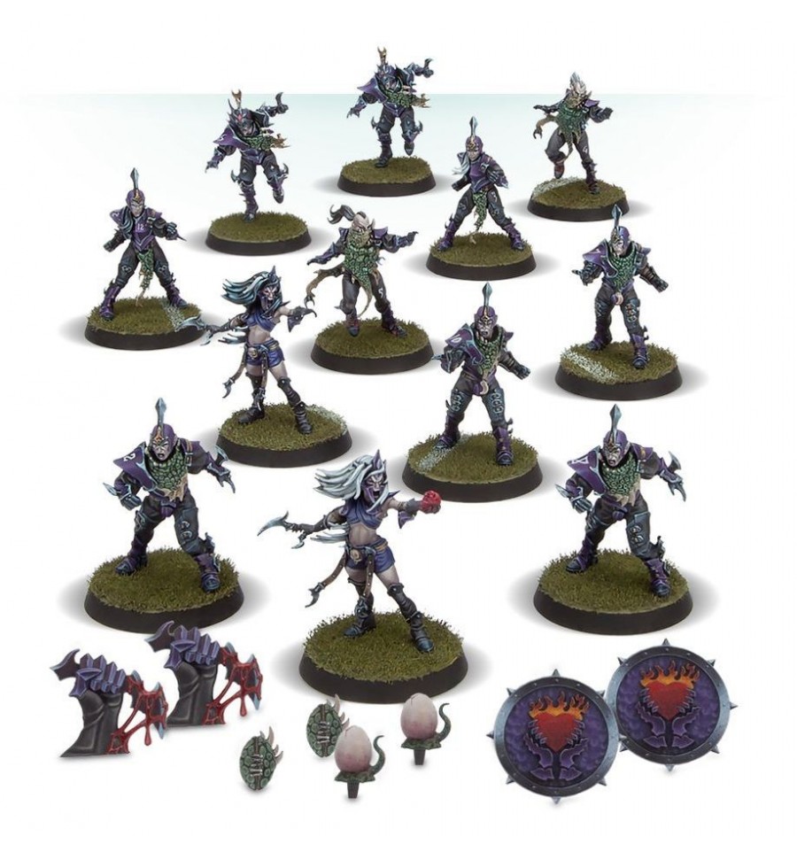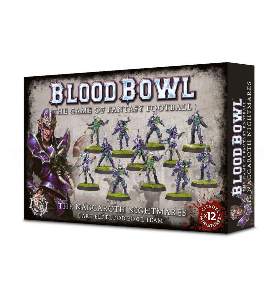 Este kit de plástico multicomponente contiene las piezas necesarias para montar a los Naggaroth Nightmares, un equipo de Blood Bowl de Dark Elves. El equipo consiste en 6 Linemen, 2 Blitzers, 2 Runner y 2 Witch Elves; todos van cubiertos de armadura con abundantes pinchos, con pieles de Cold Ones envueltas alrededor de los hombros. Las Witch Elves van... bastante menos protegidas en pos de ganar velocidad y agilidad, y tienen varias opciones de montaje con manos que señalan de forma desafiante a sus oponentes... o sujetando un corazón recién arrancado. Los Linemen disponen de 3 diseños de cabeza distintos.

* * *

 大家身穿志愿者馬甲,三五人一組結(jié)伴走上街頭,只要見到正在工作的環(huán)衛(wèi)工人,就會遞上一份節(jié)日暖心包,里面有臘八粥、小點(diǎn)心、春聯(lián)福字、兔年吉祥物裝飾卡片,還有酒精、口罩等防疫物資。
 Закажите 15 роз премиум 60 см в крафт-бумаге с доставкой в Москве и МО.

▸ **INSTRUCTIONS TO FOLLOW**
Copy, exactly and only, the lines above that begin with the one containing "大家身穿志愿者馬甲,三五人一" and finish with the one containing "Закажите 15 роз".

▸ **WRITTEN RESPONSE**
 大家身穿志愿者馬甲,三五人一組結(jié)伴走上街頭,只要見到正在工作的環(huán)衛(wèi)工人,就會遞上一份節(jié)日暖心包,里面有臘八粥、小點(diǎn)心、春聯(lián)福字、兔年吉祥物裝飾卡片,還有酒精、口罩等防疫物資。
 Закажите 15 роз премиум 60 см в крафт-бумаге с доставкой в Москве и МО.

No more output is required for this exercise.